Characterization of gene regulation and gene expression under in vivo conditions is a prerequisite for alternative treatment approaches, including the development of new drug targets and vaccination strategies. The S. aureus transcriptome under in vivo conditions has not been well characterized. Global S. aureus gene expression in vitro has been investigated after in vitro exposure to microbicides [32], in response to mild acid [33], during growth in biofilm [34], in blood [35], and after phagocytosis [36]. Changes in S. aureus gene expression during early adaptation to the mouse lung have been described [19], and Date et al. recently reported global S. aureus gene expression in human abscesses and infected murine kidneys [20]. Our study is the first description of the S. aureus transcriptome during an established endocardial infection. We used rich medium (TSB) as an in vitro comparator condition, although minimal medium such as Roswell Park Memorial Institute medium may better reflect iron-limited conditions in vivo. The choice of TSB as the in vitro comparator medium may explain some of the differences in gene expression reported (for example, iron-rich medium versus iron-depleted in vivo conditions). However, one of the aims of our study was to compare the gene expression pattern observed in endocarditis vegetations to gene expression found during growth under standard laboratory conditions. Our approach thus ensures comparability to previously published in vitro data (including previous microarray data, for example [26,36-38]). It also highlights the important contribution of in vivo conditions (for example, iron starvation) to S. aureus gene expression during an infection. An additional limitation of our study is the lack of a glucose-supplemented in vitro control arm. However, the fact that we did not observe significant differences in S. aureus virulence gene expression between nondiabetic and diabetic rats makes this additional control less important.

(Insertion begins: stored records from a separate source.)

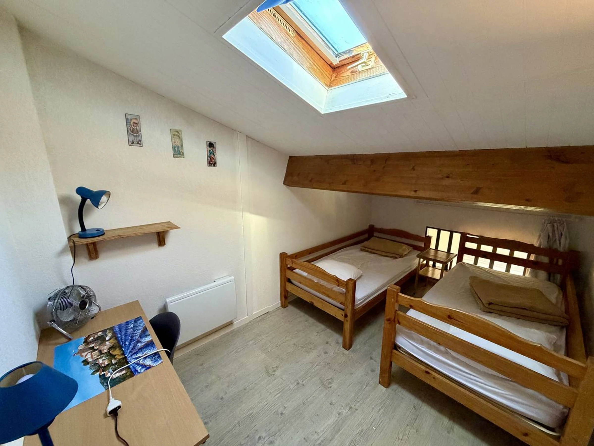 Mezzanine avec trois lits simples, idéale pour accueillir enfants, famille ou amis
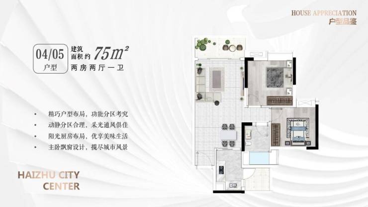 就比如建面约75㎡的大两房,经典竖厅设计,LDK一体,动静分离,还是双阳台设计,两个卧室都做了大飘窗,既增加了室内的采光,又扩宽了生活空间。
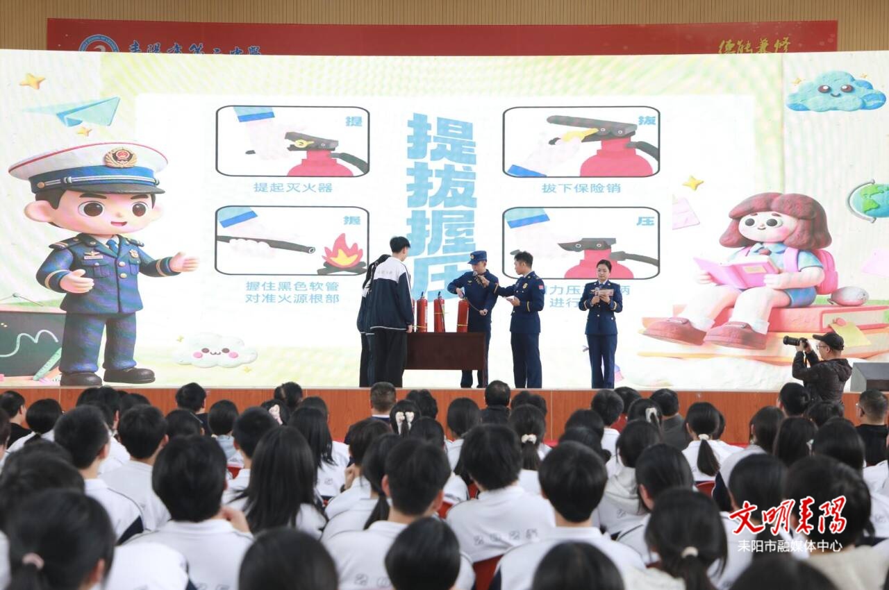 耒阳融媒3月18日讯(记者 梁梓坤 李靖宇)3月17日下午,衡阳市教育局、衡阳市消防救援局在耒阳市第二中学开展消防安全宣传教育活动,通过实验演示、实操体验、互动问答、场外连线排查等形式,让师生们在轻松有趣的氛围中学习消防知识,提升消防安全意识和自防自救能力。
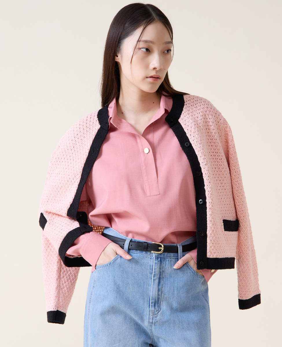 • ジオモチーフニットジャケット 詳細画像 ピンク 1
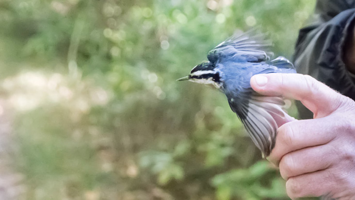 A Red-breasted Nuthatch being released after banding.
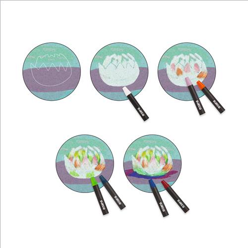 Contenuto: 3 schede da completare che formano un trittico + 12 pastelli.
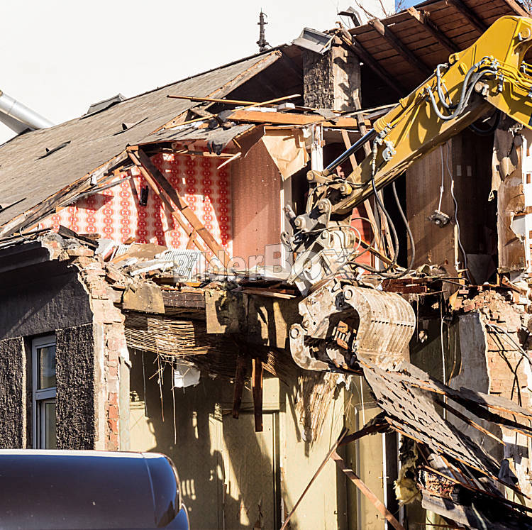 Beschreibung Ein altes Haus wird abgerissen um Platz für den Neubau von Wohnungen zu bekommen. Stadt Erneuerung und Reonovierung
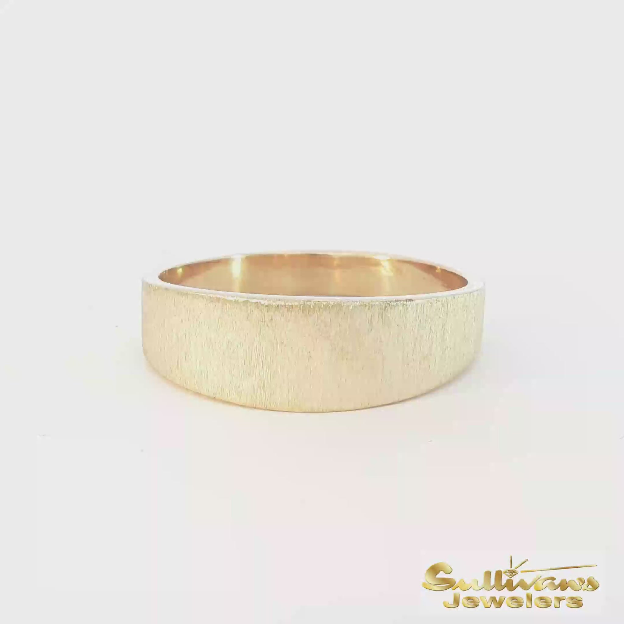 A symbol of strength and simplicity, this 14k yellow gold ring radiates quiet sophistication. Its soft brush finish reflects a subtle glow, offering a modern twist on a timeless classic. Elegant in its simplicity, this band carries warmth, meaning, and enduring beauty- perfect choice to celebrate love, milestones, or personal style.

S. aureus COL is a well-defined and sequenced MRSA strain, which we used for the experiments with diabetic versus nondiabetic rats and the microarray analyses. Moreover, all gene expression studies and subsequent analyses were performed with strain COL. A related methicillin-sensitive S. aureus strain (Newman [39]) was used for the single gene knockout studies because of the availability of relevant mutant strains. Mutations in strains Newman and COL have been described [40-42], and both strains are members of clonal complex 8 and readily produce endocarditis in rats.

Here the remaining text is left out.